Markalarda ayırt edici niteliğe verilen önemin gerekçesi, bilinçli alım tercihi yapabilmeleri için tüketici kitlesine bilgi sağlaması yani bir anlamda kamu yararına işlev görmeleri, emeğin korunması ve doğruluk ilkeleridir. Anglo Amerikan hukukunda, ayırt edici işareti benimsemekle onun asıl sahibinin yarattığı ve işaretle sembol hâline gelmiş itibarından bir başkasının yararlanamayacağı ifade edilmektedir6 . Türk hukukunda da, aynı prensip kabul edilmekte, hukukun temel ilkesi olan Türk Medeni Kanunu (TMK) m. 2’de belirtilen “Herkes, haklarını kullanırken ve borçlarını yerine getirirken dürüstlük kurallarına uymak zorundadır. Bir hakkın açıkça kötüye kullanılmasını hukuk düzeni korumaz” hükmü ve Türk Ticaret Kanunu (TTK) m. 54 vd. yer alan haksız rekabete ilişkin hükümler buna karşılık gelmektedir7 .

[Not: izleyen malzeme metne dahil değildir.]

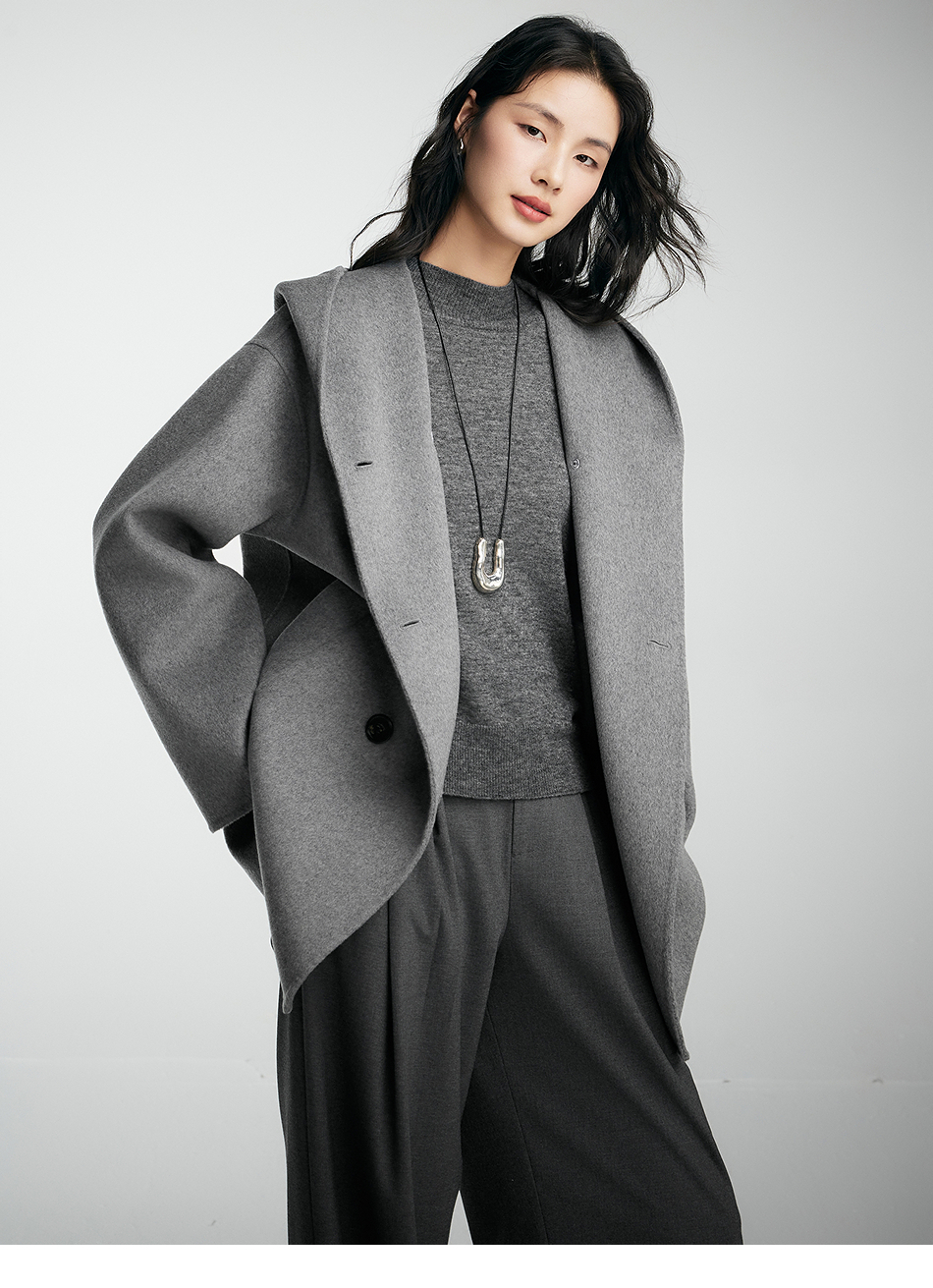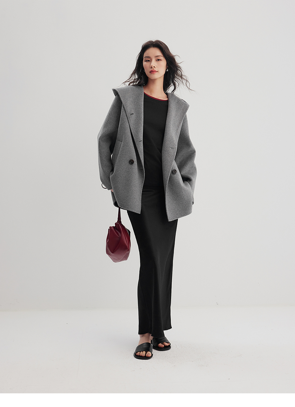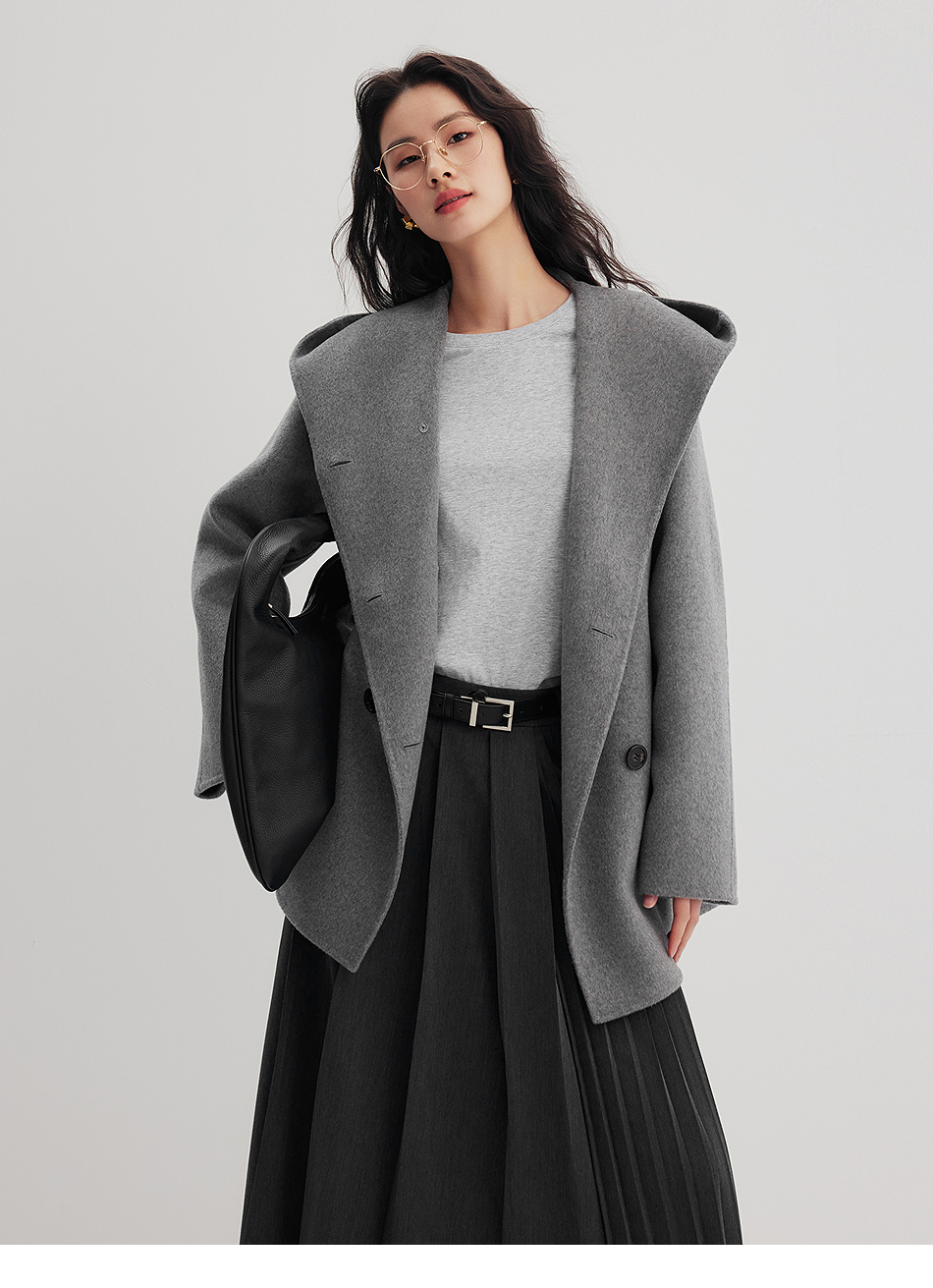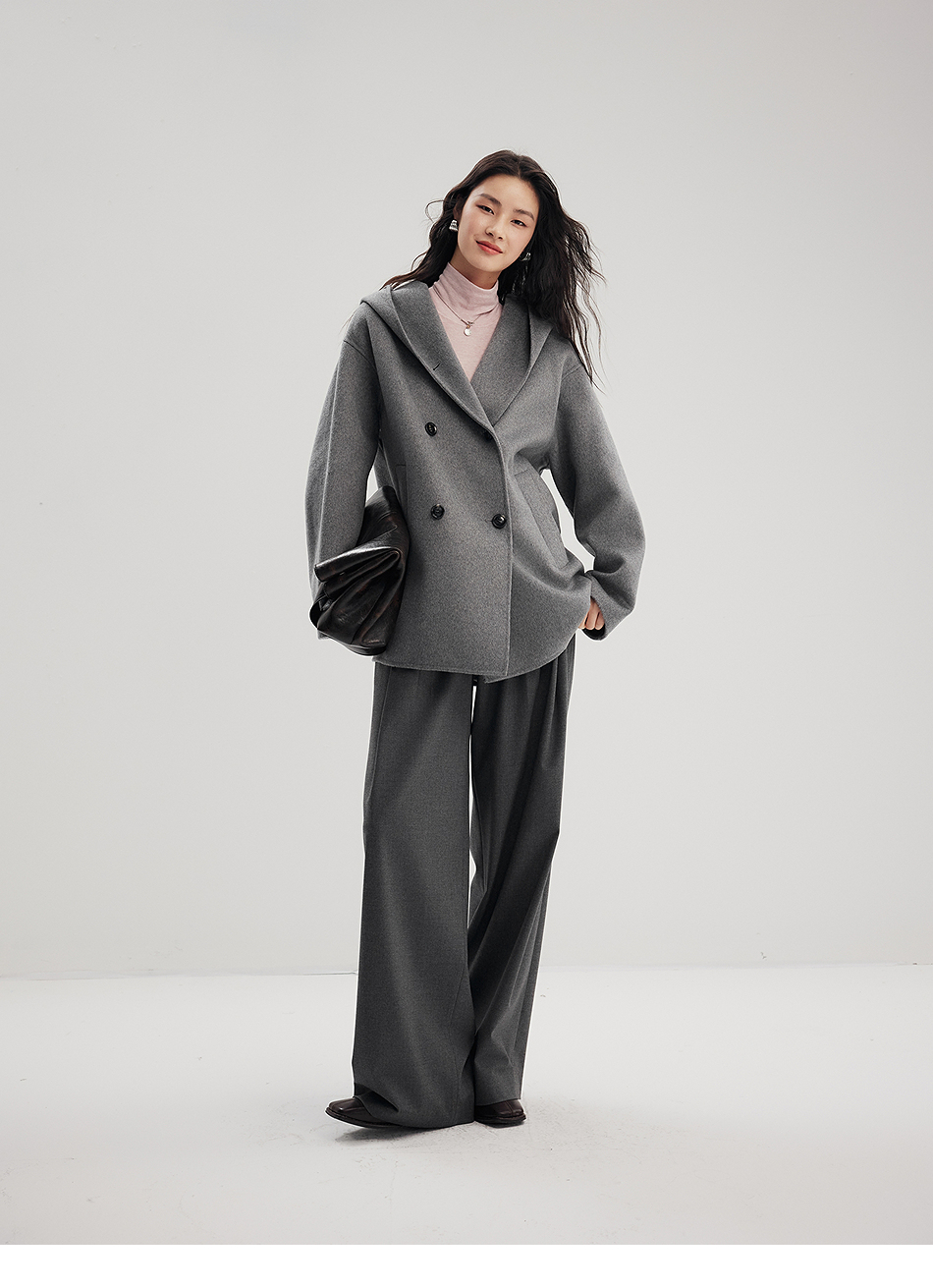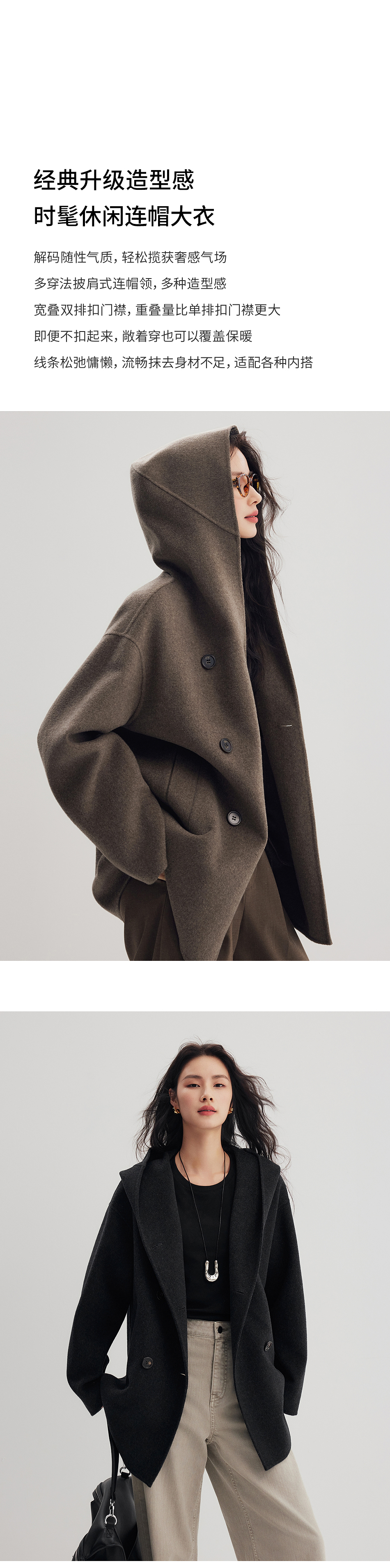 棉仓356666001-老钱松弛感兜帽双排扣一手长羊毛羊绒混纺毛呢外套

Ayırt edici nitelik tespitinde açık, net koşullar, kurallar ve ölçütler söz konusu olmadığından, somut olayın özelliklerine göre değerlendirme yapılması gerekmektedir. Konunun tespitine yardımcı olabilmesi açısından önem arz ettiği düşünülen belli başlı kriterlere aşağıda yer verilmiştir.